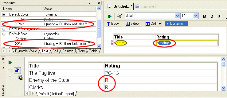 Home > Online Product Documentation > Table of Contents > Format Data Conditionally Format Data ConditionallyThe last action we will perform on the table is to write an XPath expression to display the `R' rating for movies in a bold red.
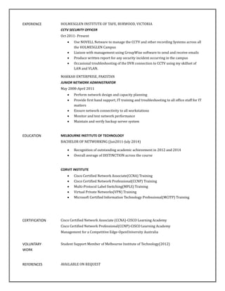This document contains a resume for Waqar Ul Hassan, who is seeking a role as a Network Engineer or Administrator. He has a Bachelor's degree in Networking from Melbourne Institute of Technology and almost 2 years of experience as a Junior Network Administrator and CCTV Security Officer. He has certifications including CCNA and CCNP and skills in networking, routing, switching, Windows, Linux and SQL.
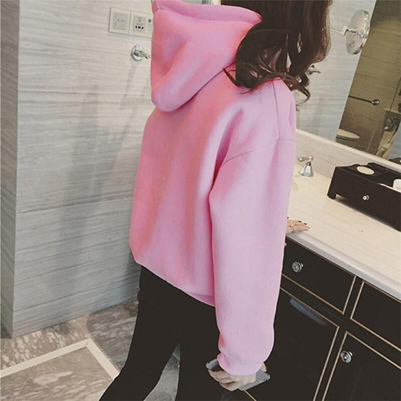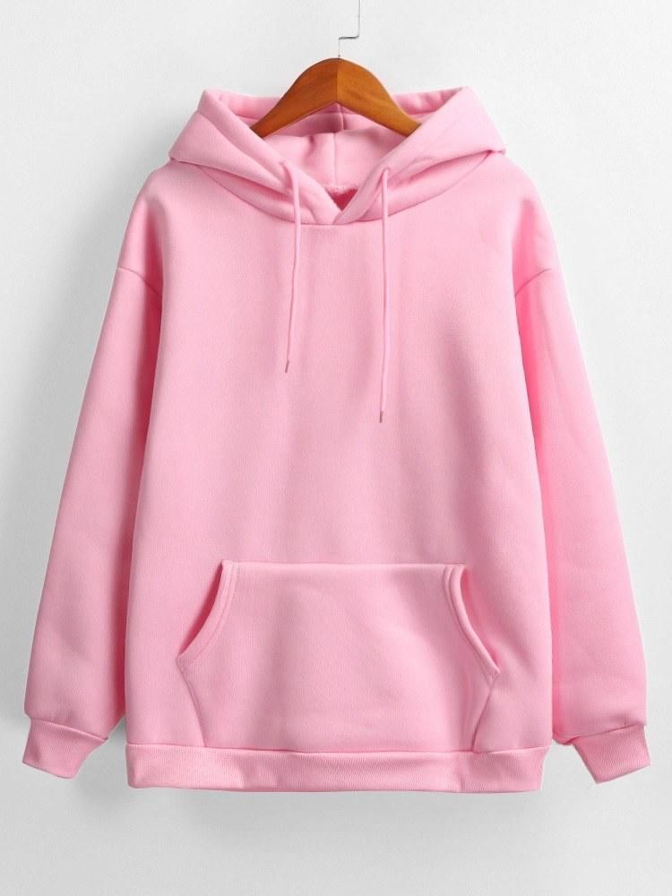 Buy Women Sweatshirt Solid Color Hooded Neckline Dropped Shoulder Pocket Ribbed Long Sleeve Casual Loose Pullover in Nigeria

-.-.-

Exercise instructions »
Copy out the data above exactly, except the pictures.

Solution below »
 Home > Online Product Documentation > Table of Contents > Format Data Conditionally Format Data ConditionallyThe last action we will perform on the table is to write an XPath expression to display the `R' rating for movies in a bold red.
This document contains a resume for Waqar Ul Hassan, who is seeking a role as a Network Engineer or Administrator. He has a Bachelor's degree in Networking from Melbourne Institute of Technology and almost 2 years of experience as a Junior Network Administrator and CCTV Security Officer. He has certifications including CCNA and CCNP and skills in networking, routing, switching, Windows, Linux and SQL.
 Buy Women Sweatshirt Solid Color Hooded Neckline Dropped Shoulder Pocket Ribbed Long Sleeve Casual Loose Pullover in Nigeria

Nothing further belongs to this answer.